→ RECORDS PROVIDED
╔══
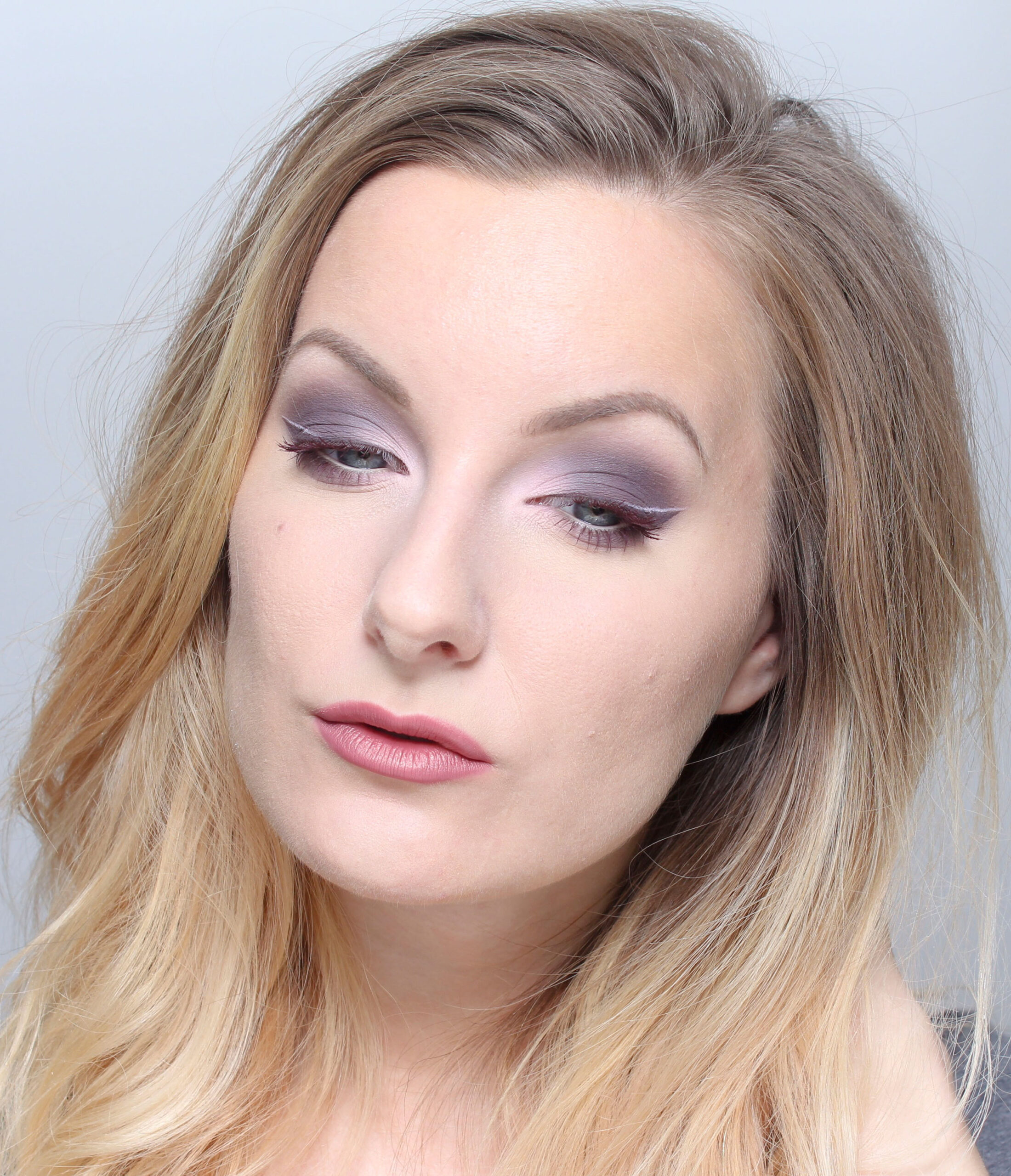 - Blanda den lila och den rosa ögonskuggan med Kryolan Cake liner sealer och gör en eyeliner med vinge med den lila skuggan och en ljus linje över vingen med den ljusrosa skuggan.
╚══
╔══
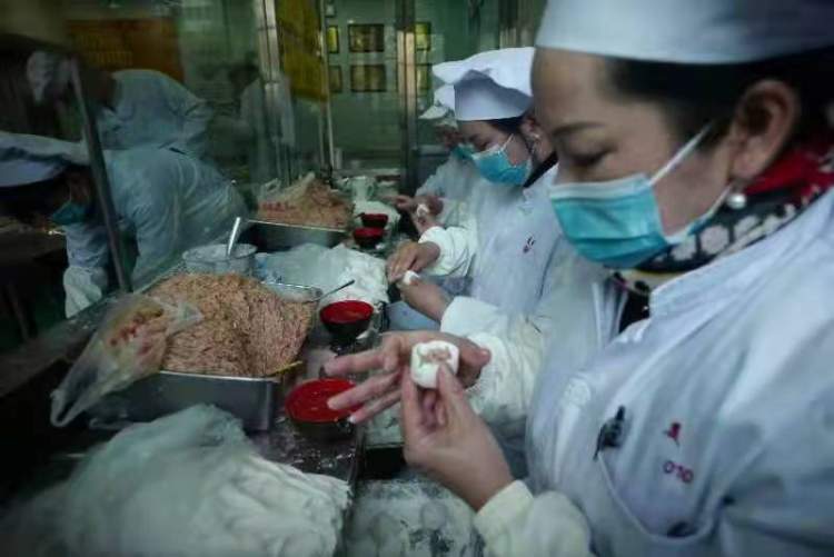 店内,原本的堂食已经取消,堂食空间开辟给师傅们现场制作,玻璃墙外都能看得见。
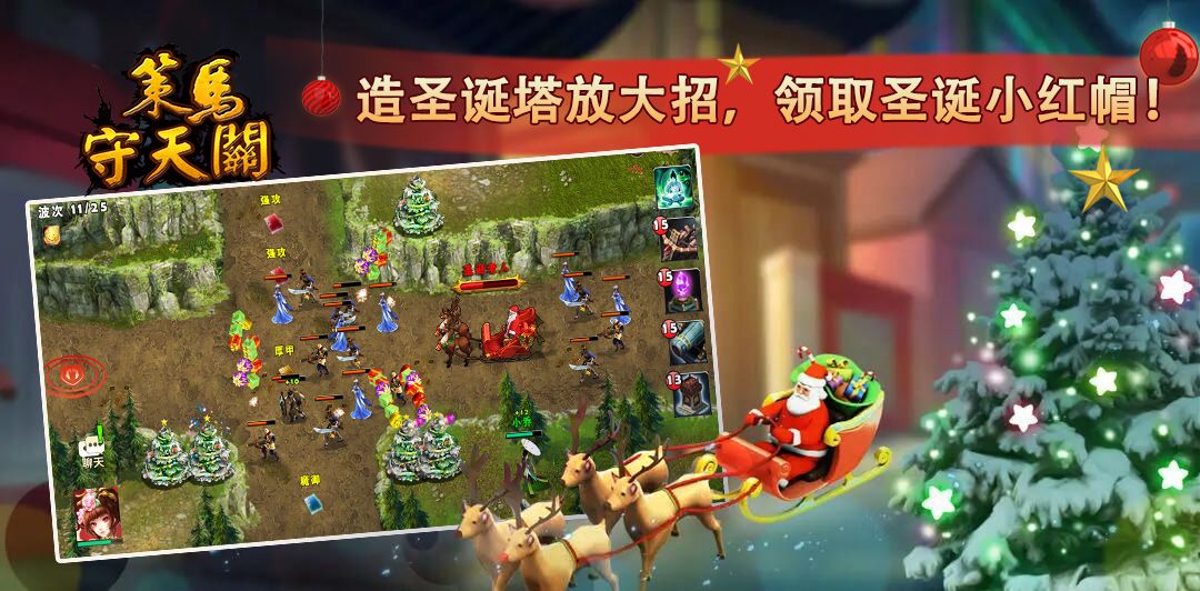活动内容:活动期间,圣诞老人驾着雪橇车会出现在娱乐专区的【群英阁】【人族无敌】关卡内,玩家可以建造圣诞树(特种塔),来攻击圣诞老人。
╚══
→ ABOUT THIS TASK
Among the entries above, take the lines from the one with "店内,原本的堂食已经取消,堂食空间开辟给师傅们现场制作,玻璃墙外都能看得见。" through the one with "活动内容:活动期间,圣诞老人" and retype them exactly, leaving out the pictures.

→ WRITTEN RESPONSE
 店内,原本的堂食已经取消,堂食空间开辟给师傅们现场制作,玻璃墙外都能看得见。
活动内容:活动期间,圣诞老人驾着雪橇车会出现在娱乐专区的【群英阁】【人族无敌】关卡内,玩家可以建造圣诞树(特种塔),来攻击圣诞老人。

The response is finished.